- _INSTRUCTIONS TO FOLLOW_
Go through the listing below and repeat it exactly, dropping the pictures.

- Opening Delimiter -

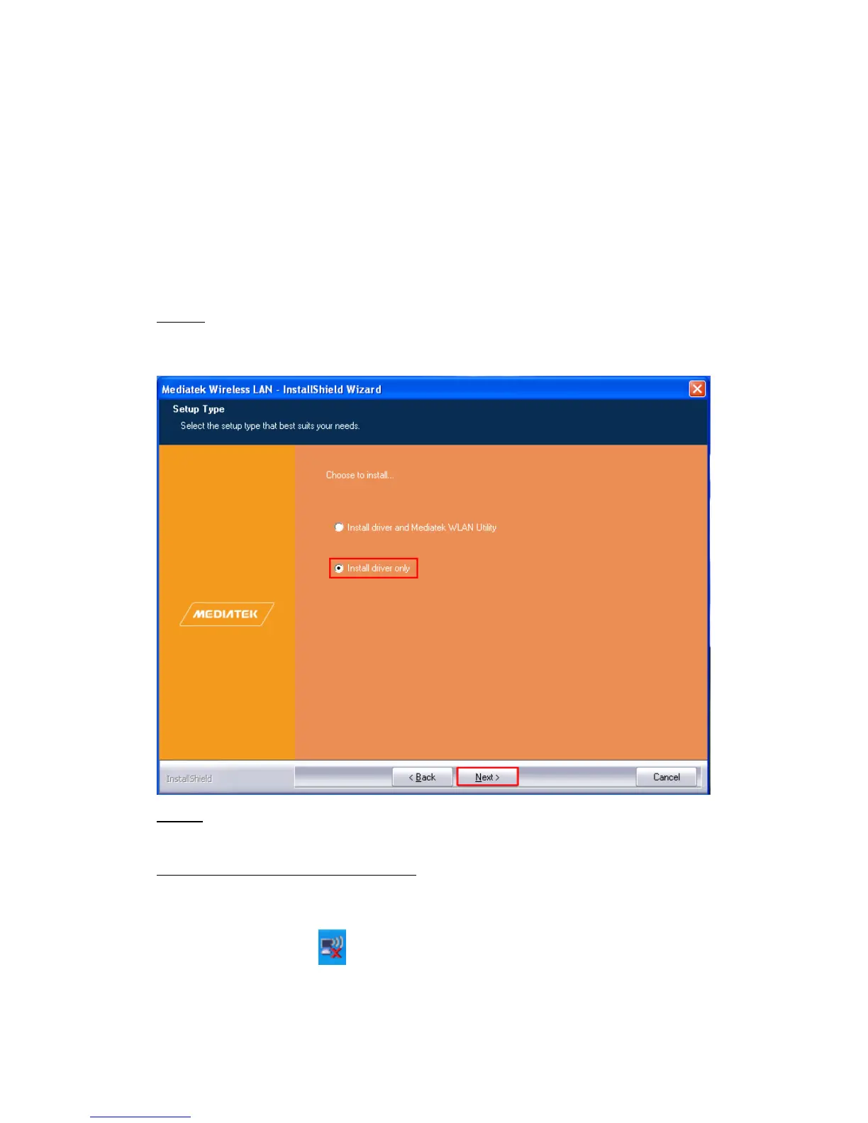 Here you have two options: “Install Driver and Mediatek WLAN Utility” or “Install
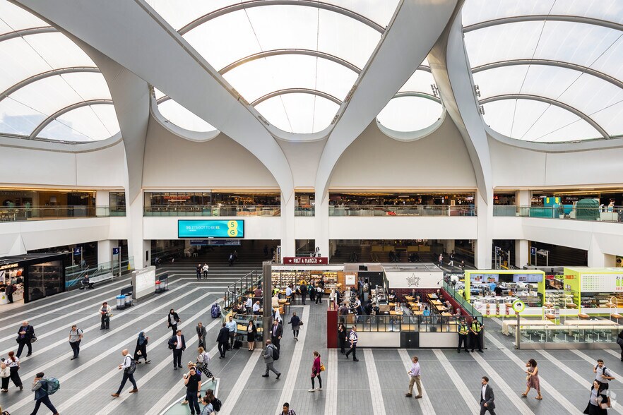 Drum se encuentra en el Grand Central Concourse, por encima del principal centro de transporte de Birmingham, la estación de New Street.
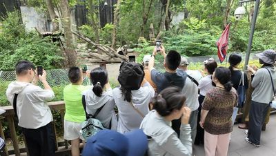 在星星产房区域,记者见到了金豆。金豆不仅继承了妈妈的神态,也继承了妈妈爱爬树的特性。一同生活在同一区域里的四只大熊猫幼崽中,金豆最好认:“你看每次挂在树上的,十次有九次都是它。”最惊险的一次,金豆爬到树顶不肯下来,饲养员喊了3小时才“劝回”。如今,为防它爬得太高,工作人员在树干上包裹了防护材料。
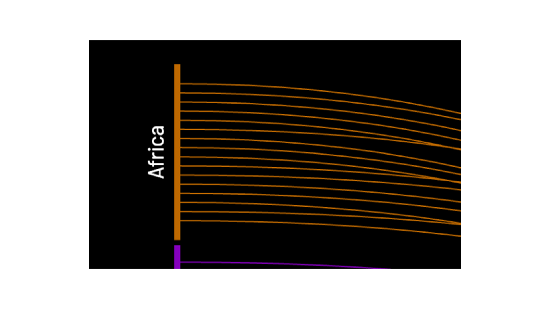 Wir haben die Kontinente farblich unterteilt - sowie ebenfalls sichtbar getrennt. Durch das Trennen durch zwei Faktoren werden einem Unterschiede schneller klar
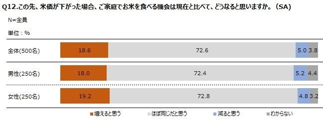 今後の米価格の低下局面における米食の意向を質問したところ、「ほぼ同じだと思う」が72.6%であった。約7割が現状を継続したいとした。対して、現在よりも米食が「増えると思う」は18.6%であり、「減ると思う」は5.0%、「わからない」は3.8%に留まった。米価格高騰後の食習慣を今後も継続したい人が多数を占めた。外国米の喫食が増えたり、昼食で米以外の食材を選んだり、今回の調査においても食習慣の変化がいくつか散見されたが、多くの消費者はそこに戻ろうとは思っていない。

- Closing Delimiter -

- _TASK OUTPUT_
 Here you have two options: “Install Driver and Mediatek WLAN Utility” or “Install
 Drum se encuentra en el Grand Central Concourse, por encima del principal centro de transporte de Birmingham, la estación de New Street.
 在星星产房区域,记者见到了金豆。金豆不仅继承了妈妈的神态,也继承了妈妈爱爬树的特性。一同生活在同一区域里的四只大熊猫幼崽中,金豆最好认:“你看每次挂在树上的,十次有九次都是它。”最惊险的一次,金豆爬到树顶不肯下来,饲养员喊了3小时才“劝回”。如今,为防它爬得太高,工作人员在树干上包裹了防护材料。
 Wir haben die Kontinente farblich unterteilt - sowie ebenfalls sichtbar getrennt. Durch das Trennen durch zwei Faktoren werden einem Unterschiede schneller klar
 今後の米価格の低下局面における米食の意向を質問したところ、「ほぼ同じだと思う」が72.6%であった。約7割が現状を継続したいとした。対して、現在よりも米食が「増えると思う」は18.6%であり、「減ると思う」は5.0%、「わからない」は3.8%に留まった。米価格高騰後の食習慣を今後も継続したい人が多数を占めた。外国米の喫食が増えたり、昼食で米以外の食材を選んだり、今回の調査においても食習慣の変化がいくつか散見されたが、多くの消費者はそこに戻ろうとは思っていない。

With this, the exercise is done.